US stocks dip on Japanese growth data

US stocks ended slightly lower yesterday as fatigue set in after a six-day rally and disappointing Japanese growth data provided a fresh reminder of the headwinds facing the global economy.

The benchmark S&P 500 index had risen three per cent over the prior six sessions, its longest rally since December 2010. But gains had slowed, with the index hovering at highs not seen since May. The S&P 500 was still up 1.8 per cent for the month.

Stocks have been buoyed by expectations central banks would step in soon to support the flagging global recovery and roll back the Eurozone debt crisis.

Much of the action, however, is unlikely before September, when the Federal Reserve and European Central bank next hold policy meetings, leaving markets in a holding pattern until then.

“Coming off the heels of a light week on the economic front, the markets remain in what some have called a state of ‘melting up.’ Whether the market’s strength is artificially induced or not, the greater risk for traders at the moment is in missing out on the upside,” said Randy Frederick, managing director of Active Trading & Derivatives at Charles Schwab.

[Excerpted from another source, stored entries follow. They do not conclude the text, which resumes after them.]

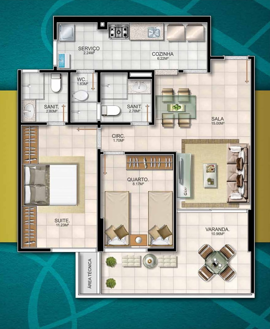 | 2 quartos | 2 | 1 | 1 | 71,67m² |
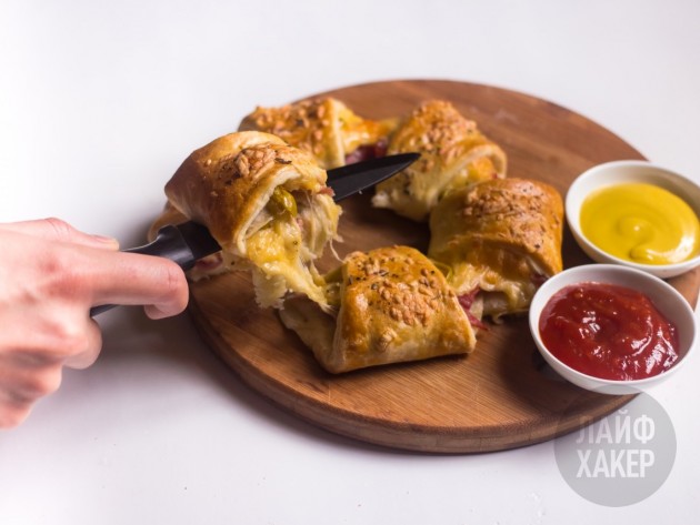 Мало кто способен удержаться от горячей выпечки с обилием тягучего сыра (пицца тому доказательство). Учитывайте этот факт, готовясь к вечеринке или посиделкам в компании. Мы предлагаем свою альтернативу — большую слойку-кольцо с ветчиной и сыром, для приготовления которой потребуется всего пять ингредиентов и совсем немного времени.
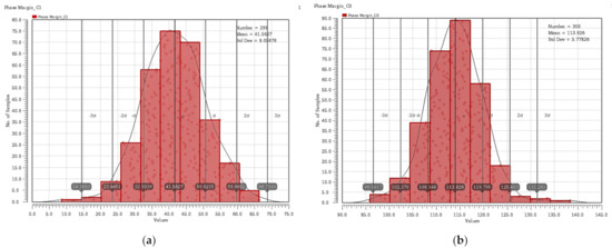 (a) Monte Carlo simulation results of the phase margin with Iload = 10 μA and CL = 100 pF; (b) Monte Carlo simulation results of the phase margin with Iload = 100 mA and CL = 100 pF.
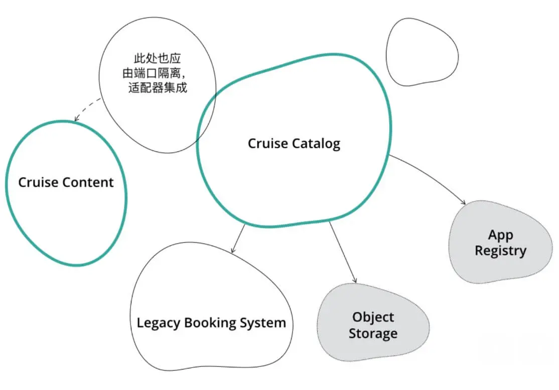 在限界上下文概念指导下的另一种方案,引入CruiseContentEnricher既作为入口端口、同时也作为出口端口,保持邮轮搜索上下文不被干扰,这个方案的好处是,假设邮轮搜索引擎进行微服务改造,很有可能将描述信息填充的职责分离到单独的服务中去,这时,只需要再提供一个输入、输出不含描述信息的Driving Adapter就可以了。
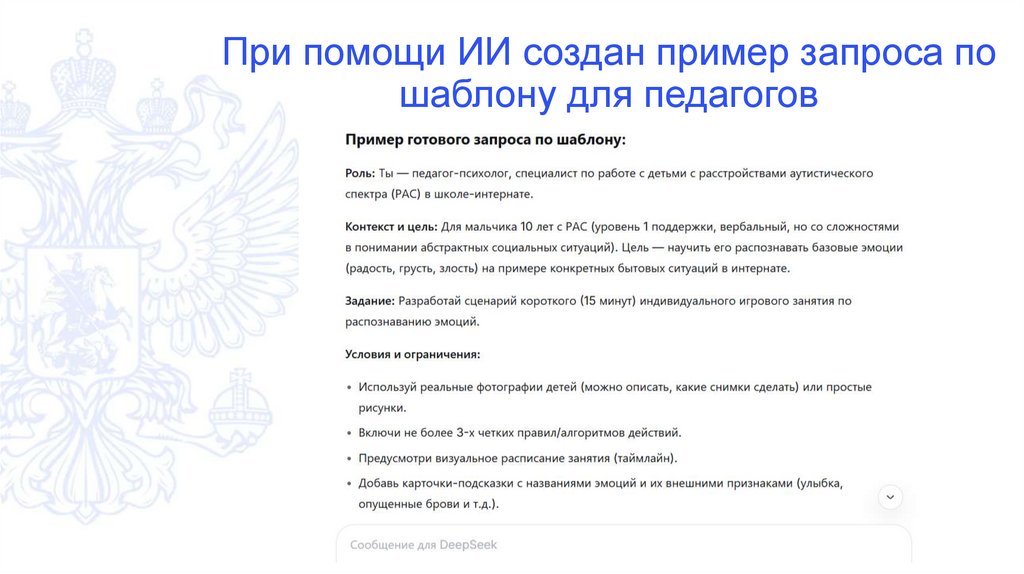 При помощи ИИ создан пример запроса пошаблону для педагогов
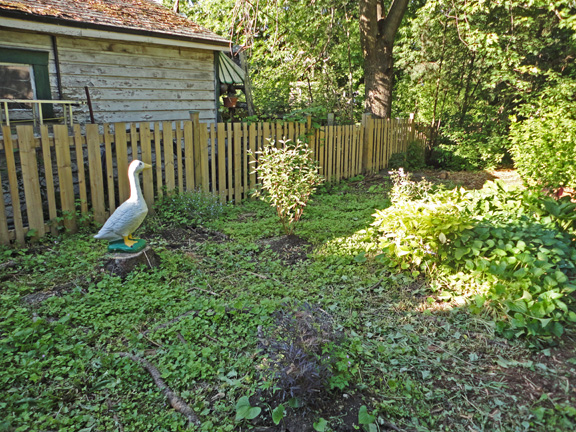 On the walk with the dogs, Tuffy happened to talk to another woman walking her dog and this woman said, we need to cross the street, there’s a duck nesting over there. It’s sitting on eggs and we shouldn’t disturb it. Tuffy looked over and there sitting by the curb, out for any scavangers or the garbage guys to haul away, was a large cement bird. She decided right away that we needed to give it a good home. When I looked in the car I decided it was way to big to be a duck, but then again, it was not nearly graceful enough to be a swan. Clearly it’s a snow goose.
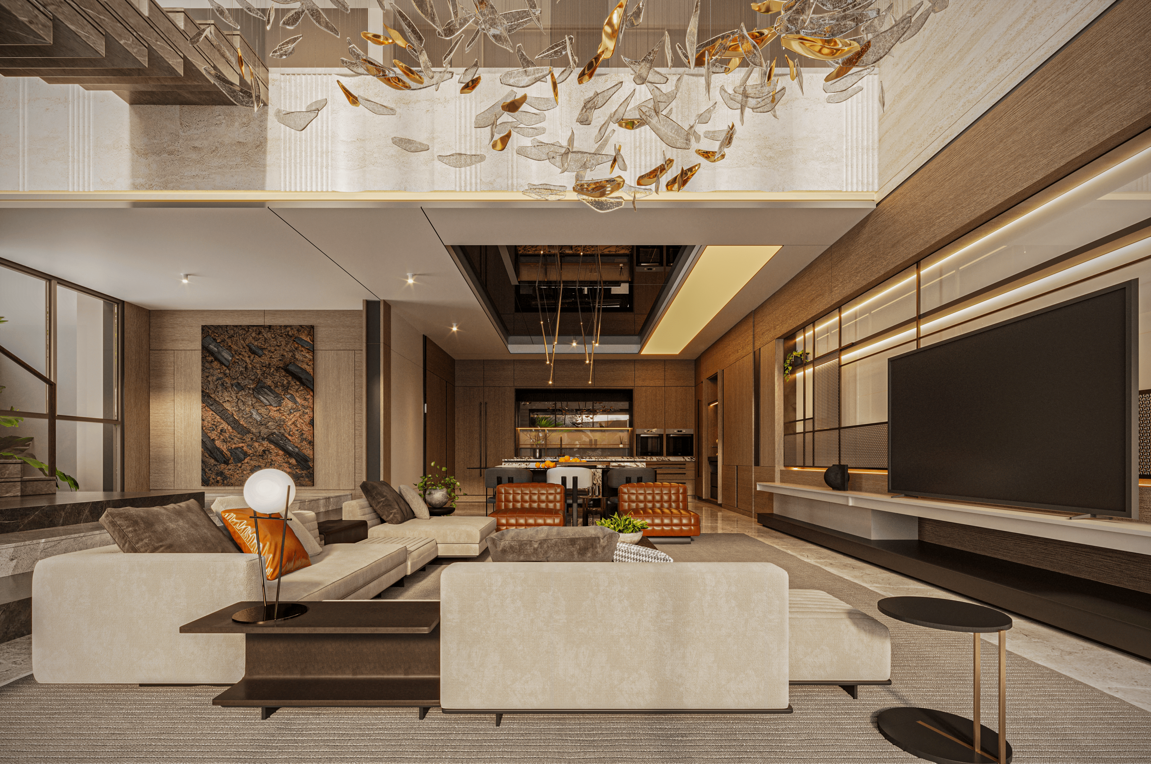 Living room double height dengan chandelier dramatis menggantung di tengah atrium.
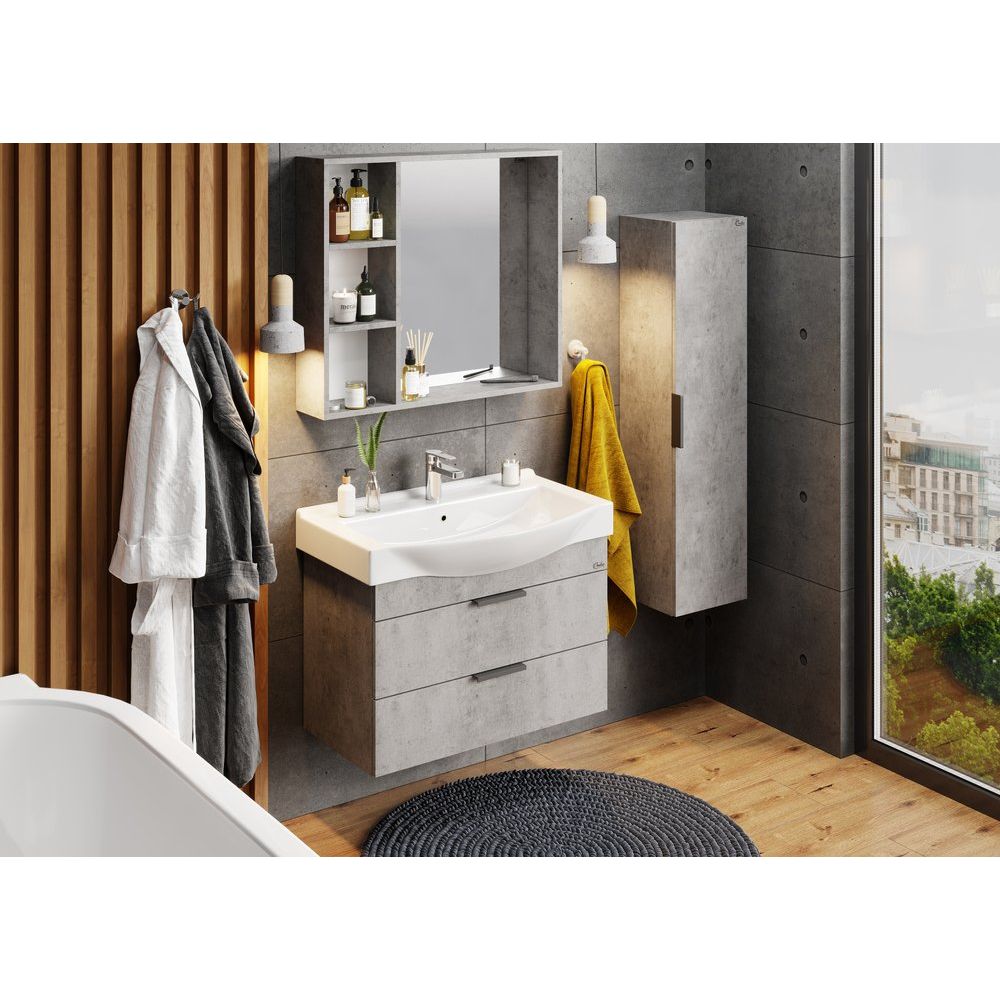 Представляем вашему вниманию набор мебели для ванной комнаты Onika Девис 80.13 в современном цвете бетон чикаго. Этот гарнитур станет идеальным дополнением вашей ванной, сочетая в себе стильный дизайн и функциональность. Благодаря использованию современных материалов и технологий, мебель Onika обеспечивает долговечность, а продуманный подход к деталям гарантирует удобство в использовании каждый день.

With “the European Central Bank, the US Federal Reserve and the People’s Bank of China all standing in the wings ready to take action to support their respective economies, the downside risks in the market have been greatly reduced at the moment,” he added.

The CBOE VIX Volatility index, seen as a proxy for investors’ fears, fell more than seven per cent to 13.70, its lowest level in over five years. The decline was unusual as the index typically moves inversely to the S&P 500, suggesting investors were not overly concerned about the market’s outlook.

“Bullish sentiment in equities remains high with S&P 500 one-month call-side skew now at the 98th percentile,” said the Credit Suisse equity derivatives strategy team. A skew refers to the balance between options betting on the S&P 500 falling or rising.

The Dow Jones industrial average ended down 38.52 points, or 0.29 per cent, at 13,169.43. The Standard & Poor’s 500 Index dropped 1.76 points, or 0.13 per cent, at 1,404.11. The Nasdaq Composite Index was up 1.66 points, or 0.05 per cent, at 3,022.52.

Japan’s gross domestic product expanded just 0.3 per cent in the April-June period, half the expected pace, raising doubts about the strength of the recovery and highlighting the impact of Europe’s debt crisis on worldwide demand.

On Friday, the head of the San Francisco Federal Reserve said the Fed should launch a fresh round of bond buying to lower the US unemployment rate more quickly.